CRUD stands for Create, Read, Update, and Delete—the four basic operations for managing data in persistent storage. These operations form the foundation of most data-driven applications, from simple blogs to complex enterprise systems.

Flask-SQLAlchemy provides a clean, intuitive API for performing CRUD operations using Python objects rather than raw SQL. This object-oriented approach not only makes your code more readable and maintainable but also helps prevent common issues like SQL injection.

graph TD A[Create] --> B[Read] B --> C[Update] C --> D[Delete] D --> A style A fill:#4CAF50,stroke:#333,stroke-width:2px style B fill:#2196F3,stroke:#333,stroke-width:2px style C fill:#FFC107,stroke:#333,stroke-width:2px style D fill:#F44336,stroke:#333,stroke-width:2px

Think of CRUD operations like managing a library of books:

Working with the Database Session

Before diving into CRUD operations, it's important to understand the SQLAlchemy session, which manages interactions with the database.

In Flask-SQLAlchemy, you access the session via the db.session object. The session is like a staging area where you prepare changes before committing them to the database.

graph LR A[Python Objects] -->|Add to session| B[Session] B -->|Commit| C[Database] B -->|Rollback| A C -->|Query| B B -->|Load| A

Key session operations include:

The session follows the Unit of Work pattern, collecting all changes and applying them as a single transaction when you call commit(). This approach has several benefits:

Create Operations

Creating new records involves instantiating model objects, adding them to the session, and committing the session.

Basic Create Operation

# Assuming we have User model
user = User(username='john_doe', email='john@example.com')
db.session.add(user)
db.session.commit()  # Don't forget to commit!

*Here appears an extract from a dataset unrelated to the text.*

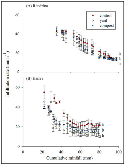 Infiltration rates for Rendzina (A) and Hamra (B) soils, with no addition of organic matter (control), and addition of yard manure (yard) and compost. Different letters “a” and “b” indicate significant differences between treatments.

After commit, SQLAlchemy updates the object with any database-generated values (like auto-incrementing IDs):

print(user.id)  # Now has a value from the database

Creating Related Objects

You can create related objects in several ways:

# Method 1: Create separately and link
user = User(username='jane_doe', email='jane@example.com')
db.session.add(user)
db.session.flush()  # Get the user ID without committing transaction

post = Post(title='My First Post', content='Hello, world!', user_id=user.id)
db.session.add(post)
db.session.commit()

# Method 2: Use the relationship
user = User(username='bob_smith', email='bob@example.com')
post = Post(title='Welcome', content='My blog post')

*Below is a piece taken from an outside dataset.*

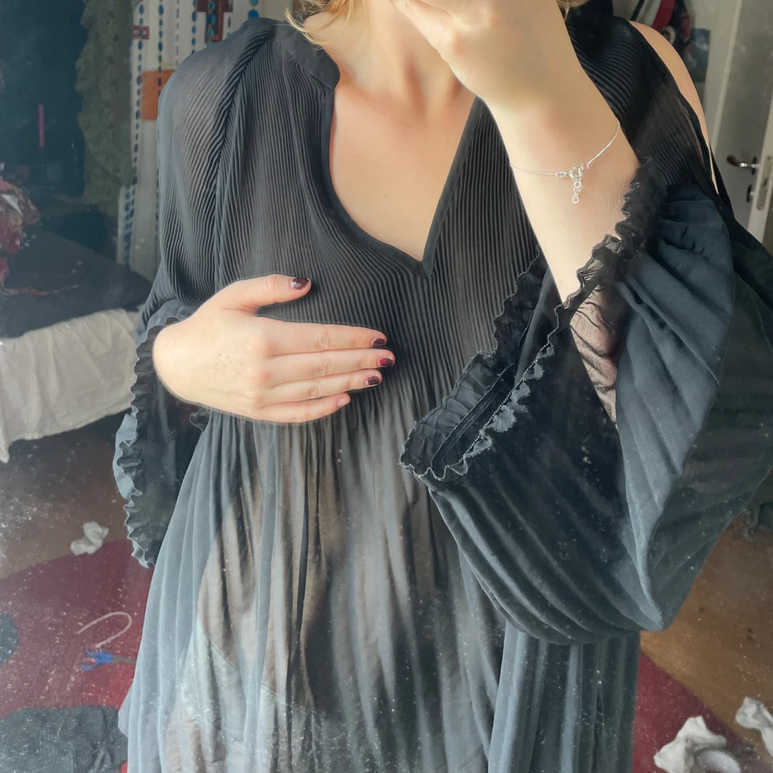 Asfin plisserad tröja! Så elegant och vacker, lägger sig fint på kroppen och är mycket bekväm🥰 bra skick. Meddela vid funderingar❤️

# Link objects via relationship
user.posts.append(post)  # Automatically sets post.user_id

db.session.add(user)  # Adding the parent often adds related children too
db.session.commit()

# Method 3: Create with relationship attribute
post = Post(title='Another Post', content='More content', 
            author=user)  # Using 'author' backref
db.session.add(post)
db.session.commit()

Bulk Insert Operations

For inserting many records efficiently:

# Create multiple objects
users = [
    User(username='user1', email='user1@example.com'),
    User(username='user2', email='user2@example.com'),
    User(username='user3', email='user3@example.com')
]

# Add all at once
db.session.add_all(users)
db.session.commit()

For very large datasets, consider using bulk_insert_mappings for better performance:

user_data = [
    {'username': f'bulk_user{i}', 'email': f'bulk{i}@example.com'}
    for i in range(1, 1001)  # Creating 1000 users
]

db.session.bulk_insert_mappings(User, user_data)
db.session.commit()

Read Operations

Reading data is performed through queries, which are built using the query attribute of model classes.

Basic Queries

# Get all users
all_users = User.query.all()

# Get first user
first_user = User.query.first()

# Get specific user by primary key
user = User.query.get(1)  # Returns None if not found

# Get or 404 (useful in Flask routes)
user = User.query.get_or_404(1)  # Raises 404 error if not found

Filtering Queries

# Filter by a column value
admin_users = User.query.filter_by(is_admin=True).all()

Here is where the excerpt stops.